Depois monte seu tempo a favor do que quer. Confie em você, mude uma hora,
depois duas, depois três. Ahahaha! Quando se vê o mundo já está se movimentando
sem muito esforço. É tudo uma questão de começar, ter objetivos e não
desanimar. Não vale, você assim com tanta vida gastando mal. Assim Deus se
chateia! Você reclama Lena de que não é reconhecida no trabalho, o problema não
é esse na verdade. Você não quer ser reconhecida, quer ser apontada. No meu
tempo, e nem vai tanto tempo assim, hahaha! Nosso maior reconhecimento era o
trabalho feito, pronto, concluído. Esse era nosso troféu, nossa medalha. Pense
nisso, reconheça-se! Vença os obstáculos e se coloque feliz por isso! Cada
milímetro conquistado será seu mérito. Não cobre das outras gentes o que você
gostaria. Não dá pra pedir que os outros ajam de acordo com o que a gente
acredita. É se chatear a toa! Se frustrar por pouco. Agora, se você realiza o
que é seu, sua felicidade estará conquistada. Ai, ai, Lena, se esses fossem os
maiores problemas do mundo estaríamos em paz uns com os outros.

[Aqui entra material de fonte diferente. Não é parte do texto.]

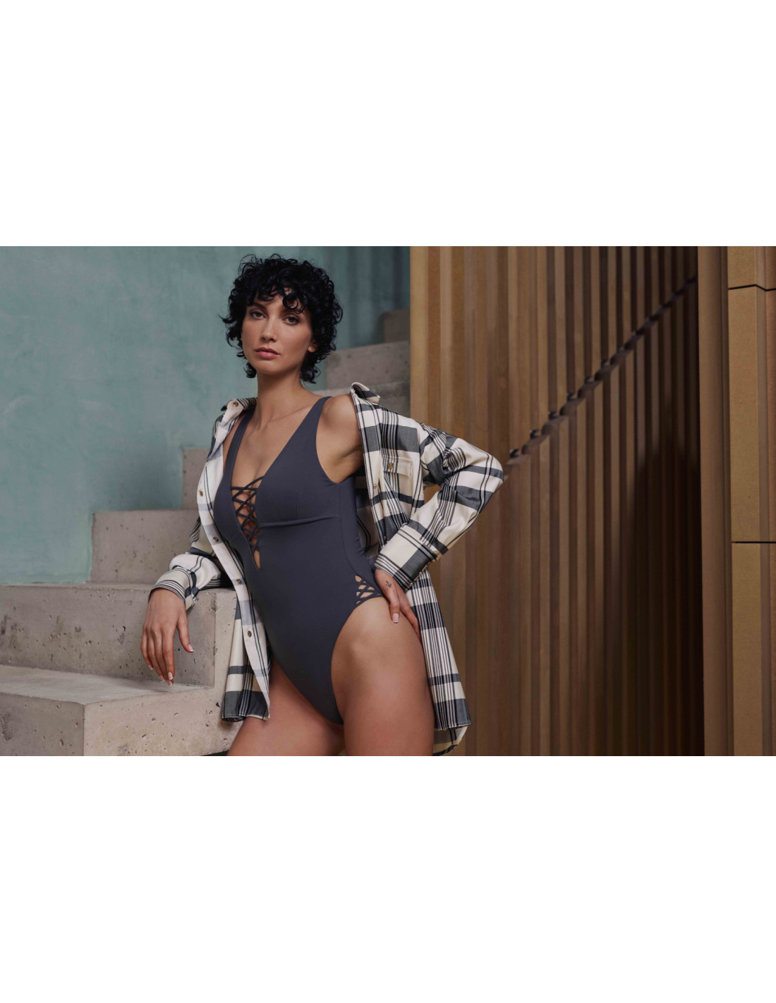 The Brigitte shirt stands out as a statement piece in any wardrobe with its bright tartan print. Its harmonious shades of beige, gray, and black create a look that's both modern and warm. It fastens with snap buttons at the front, while its chest pockets and structured cuffs create a bold silhouette.
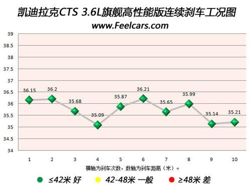 再來看看新CTS的連續(xù)10次剎車成績(jī),最差成績(jī)?yōu)?6.21米,與最好成績(jī)差距僅為1.1米,且大部分成績(jī)均在36米以內(nèi),說明新CTS的剎車系統(tǒng)散熱效果非常好,始終保持在最佳的工作狀態(tài),沒有出現(xiàn)熱衰減現(xiàn)象。
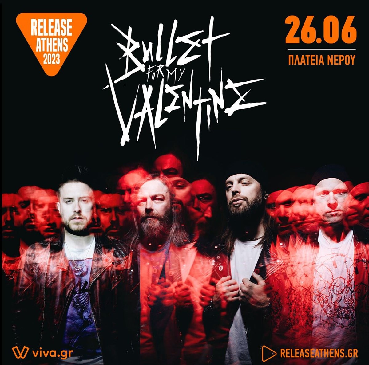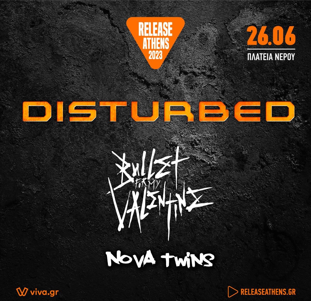 Το Release Athens 2023 υποδέχεται τους καταιγιστικούς Bullet For My Valentine, τη Δευτέρα 26 Ιουνίου, στην Πλατεία Νερού. Το πολύ επιτυχημένο γκρουπ από την Ουαλία πλαισιώνει ιδανικά τους headliners Disturbed και τις Nova Twins, σε μια σπουδαία ημέρα για τους φίλους του σύγχρονου metal.
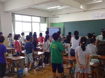 掃除後のどんどんタイムでは,各クラスで英語の歌を歌ったり,ゲームを楽しんだりしました。これからもよりたくさんの英語に親しんでほしいと思います。
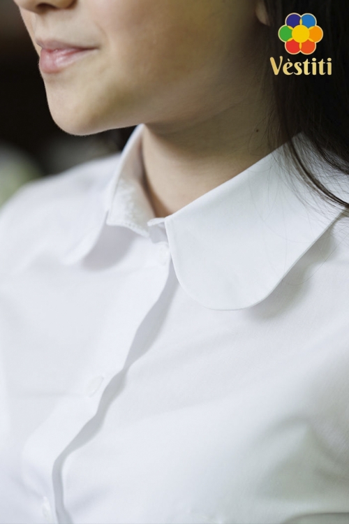 Cămașă elegantă pentru fete, realizată într-un stil clasic, potrivită pentru uniforma școlară. Model cu mânecă scurtă tip lalea, guler rotunjit și închidere cu nasturi. Materialul este plăcut la atingere, asigurând confort pe tot parcursul zilei. Ideală pentru școală, evenimente festive sau ținute formale.

Ela o olhava com um sorriso que
transparecia admiração. E ele a olhava com um amor de pai que mostra como
caminhar, mas deixa que os passos sejam dados sozinhos.
- Nossa, o senhor é bom mesmo!
- Ué, bom no que?
- No que faz, não é a toa que é
conselheiro! Podia abrir um escritório e cobrar a consulta que seria muitíssimo
rico.
- Ele a encarou com um sorriso.
Não preciso de escritório, nem mesmo de ser rico, não preciso de nome, nem
mesmo de paletó novo. Meus chinelos gastos me levam aonde eu preciso ir. A
única coisa que eu preciso e de um coração que se abra para as palavras que
esse velho tem a dizer. A mudança tem de vir de você. Eu só mostro a porta, mas
você abre. - Já escorriam de seus rostos lágrimas quentes - Não quero que os
filhos meus se sintam desamparados no mundo, porque não estão.
Ela, sem pensar, o abraçou em um
ato de reconhecido amor. E ele assim retribuiu, e com um beijo no topo da
cabeça da moça se despediu.
- Estou com os olhos melhores que
os seus, olha só, já vem o meu ônibus.
Ela se virou para olhar e viu um
silencioso ônibus azul vir tranquilamente pela via. O letreiro brilhante dizia
pôr-do-sol. Mesmo sem dar sinal o motorista parou na parada. O velho apoiou na
bengala, levantou, alinhou sua roupa.
-Que tal estou? Dizia ele
sorrindo.
- Está muito bonito, pode até
arranjar uma namorada. Eles riram.
Ela se levantou abraçou o velho.
Agradeceu a vinda e pediu para que aparecesse outras vezes. Ele riu alto,
balançando os ombros magros.
- Mas, Lena, eu estou sempre com
você! Basta me perceber os passos.
Ele virou e andou em direção ao
ônibus. Não havia reparado mais o senhor andava com dificuldade, tinha uma
perna torta, a bengala lhe dava apoio. Subiu a seu tempo, sentou-se na cadeira
preferencial e antes de dar tchau a moça fez sinal para que ela olhasse para o
pescoço. Ela pôs a mão e sentiu um colar. Abaixou a cabeça para tentar ver, era
uma corrente simples, dourada, com um pingente em forma de cachimbo. Quando
levantou a cabeça o ônibus já não estava lá. Haviam carros passando na via,
pessoas transitando na rua. Olhou o relógio os ponteiros marcavam 22h16.